··· Stored data ···

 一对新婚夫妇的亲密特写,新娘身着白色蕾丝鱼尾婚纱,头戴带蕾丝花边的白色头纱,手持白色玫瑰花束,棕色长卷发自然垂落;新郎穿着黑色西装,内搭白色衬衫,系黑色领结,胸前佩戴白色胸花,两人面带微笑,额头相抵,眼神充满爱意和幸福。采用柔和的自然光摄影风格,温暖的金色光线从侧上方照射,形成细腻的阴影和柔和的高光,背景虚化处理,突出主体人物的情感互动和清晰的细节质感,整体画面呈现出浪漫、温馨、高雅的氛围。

···
··· Stored data ···

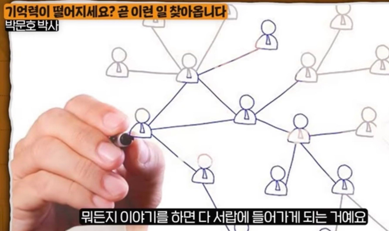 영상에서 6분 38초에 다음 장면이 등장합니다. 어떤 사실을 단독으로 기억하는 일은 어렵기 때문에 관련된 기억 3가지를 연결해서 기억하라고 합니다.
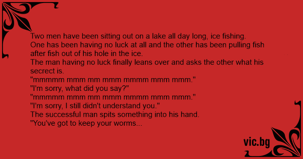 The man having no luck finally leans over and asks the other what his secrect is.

···
··· Stored data ···

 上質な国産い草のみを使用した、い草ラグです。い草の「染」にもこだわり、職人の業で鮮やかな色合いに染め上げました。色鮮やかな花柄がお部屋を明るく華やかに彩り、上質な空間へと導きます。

···

• **Task statement**
Leave out every picture, and copy exactly the lines above starting at the one holding "영상에서 6분 38초에" and ending at the one holding "The man having", no more and no less.

• **Task result**
 영상에서 6분 38초에 다음 장면이 등장합니다. 어떤 사실을 단독으로 기억하는 일은 어렵기 때문에 관련된 기억 3가지를 연결해서 기억하라고 합니다.
 The man having no luck finally leans over and asks the other what his secrect is.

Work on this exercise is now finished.